6. The coordinates of J', K', and L' after the translation are J'(14, 10), K'(6, 13), and L'(10, 12). The x-coordinates have been increased by 5 units and the y-coordinates by 4 units.
7. The point M(x, y) when reflected over the x-axis remains unchanged, so the original point and its reflection are (x, y).
1. The ordered pair (3, -39) is not a solution of the equation y = -12x - 3.
2. Three solutions of the equation y = 2x - 6 are:
- (-2, -10)
- (1, -4)
- (0, -6)
3. The pair of points (–2, 9) and (1, –9) has a positive slope.
4. The ordered pairs (2, -21) and (5, -45) are solutions to the equation y = 8x + 5.
5. The rule that describes the translation of a point from (-5, 4) to (-1, 2) is: (x, y) → (x + 4, y - 2).
6. The coordinates of the vertices of the translated triangle are:
- J' (15, 9)
- K' (7, 12)
- L' (9, 13)
7. The point M(x, y) is reflected over the x-axis. The original point and its reflection are the same: (x, y) → (x, y).
1. To find the pair that is not a solution of the equation y = –12x – 3, we substitute the x and y values of each pair into the equation and check if the equation holds true.
For (–3, 33):
y = –12x – 3
33 = –12(-3) – 3
33 = 36 - 3
33 = 33
For (8, –98):
y = –12x – 3
-98 = –12(8) – 3
-98 = -96 - 3
-98 = -99
For (–9, 105):
y = –12x – 3
105 = –12(-9) – 3
105 = 108 - 3
105 = 105
For (3, –39):
y = –12x – 3
-39 = –12(3) – 3
-39 = -36 - 3
-39 = -39
Therefore, the pair (3, -39) is not a solution of the equation.
2. To find three solutions of the equation y = 2x - 6, we can choose any three different values for x and substitute them into the equation to find the corresponding y values.
For x = -2:
y = 2(-2) - 6
y = -4 - 6
y = -10
For x = 1:
y = 2(1) - 6
y = 2 - 6
y = -4
For x = 0:
y = 2(0) - 6
y = 0 - 6
y = -6
Therefore, three solutions of the equation are (-2, -10), (1, -4), and (0, -6).
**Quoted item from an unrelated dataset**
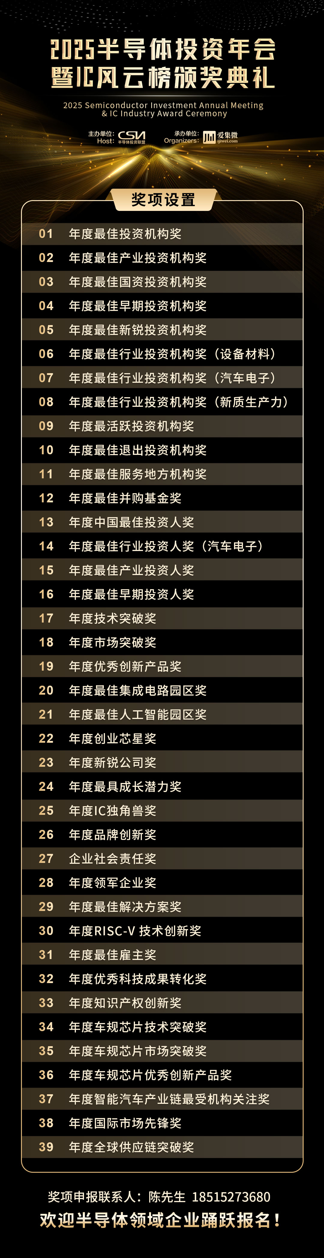 1.获奖企业实现资本飞跃!2025半导体投资年会暨IC风云榜颁奖典礼39项大奖申报开启;

3. To determine which pair of points has a positive slope, we need to calculate the slope between the two points using the formula (y2 - y1) / (x2 - x1). If the result is positive, the slope is positive.
For (–2, 9) and (1, –9):
Slope = (–9 - 9) / (1 - (-2))
Slope = (-18) / 3
Slope = -6
For (–2, 5) and (2, –11):
Slope = (–11 - 5) / (2 - (-2))
Slope = (-16) / 4
Slope = -4
For (–2, –15) and (4, 21):
Slope = (21 - (-15)) / (4 - (-2))
Slope = 36 / 6
Slope = 6
For (–2, 13) and (1, –11):
Slope = (–11 - 13) / (1 - (-2))
Slope = (-24) / 3
Slope = -8
Therefore, the pair (–2, 9) and (1, –9) has a positive slope.
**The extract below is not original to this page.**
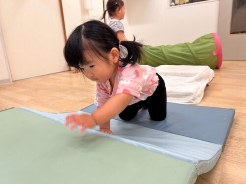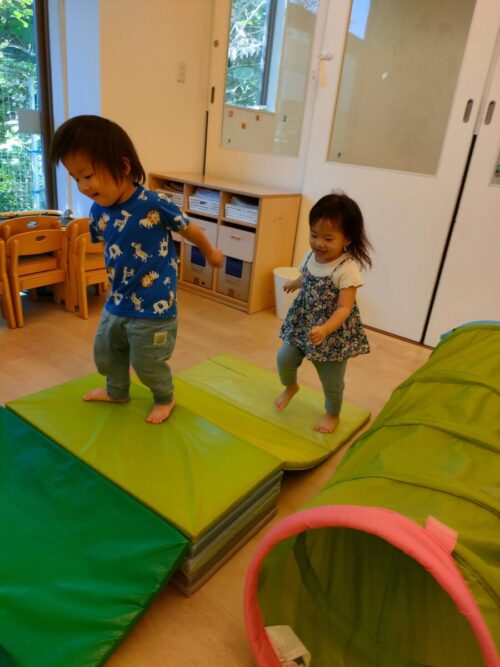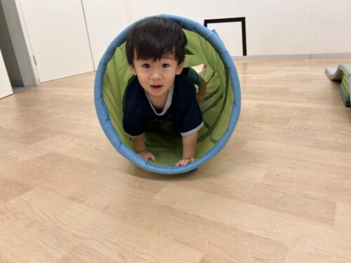 運動ルームでマットやトンネルを出して身体をたっぷり動かしました♪

4. To determine which equation the ordered pairs (2, -21) and (5, -45) are solutions to, we substitute the x and y values of each pair into each equation and check if the equation holds true.
For y = –8x – 5:
-21 = -8(2) - 5
-21 = -16 - 5
-21 = -21
For y = –8x + 5:
-45 = -8(5) + 5
-45 = -40 + 5
-45 = -45
For y = 8x – 5:
-21 = 8(2) - 5
-21 = 16 - 5
-21 = -21
For y = 8x + 5:
-45 = 8(5) + 5
-45 = 40 + 5
-45 = -45
Therefore, the ordered pairs (2, -21) and (5, -45) are solutions to the equation y = –8x + 5.
5. To find the rule that describes the translation of a point from (–5, 4) to (–1, 2), we need to determine the change in x and y values between the two points.
Change in x = -1 - (-5) = -1 + 5 = 4
Change in y = 2 - 4 = -2
Therefore, the rule that describes the translation is (x, y) -> (x + 4, y - 2).
6. To find the coordinates of the vertices J', K', and L' after translating ΔJKL right 5 units and up 4 units, we simply add 5 to the x-coordinate and 4 to the y-coordinate of each vertex.
For J(10, 5):
J'(10 + 5, 5 + 4) = J'(15, 9)
For K(2, 8):
K'(2 + 5, 8 + 4) = K'(7, 12)
For L(4, 9):
L'(4 + 5, 9 + 4) = L'(9, 13)
Therefore, the coordinates of J', K', and L' are (15, 9), (7, 12), and (9, 13).
7. When a point M(x, y) is reflected over the x-axis, the y-value changes sign while the x-value remains the same. In arrow notation, the reflection of (x, y) over the x-axis is denoted as (x, -y).
Therefore, the original point and its reflection are described by (x, y) and (x, -y) respectively.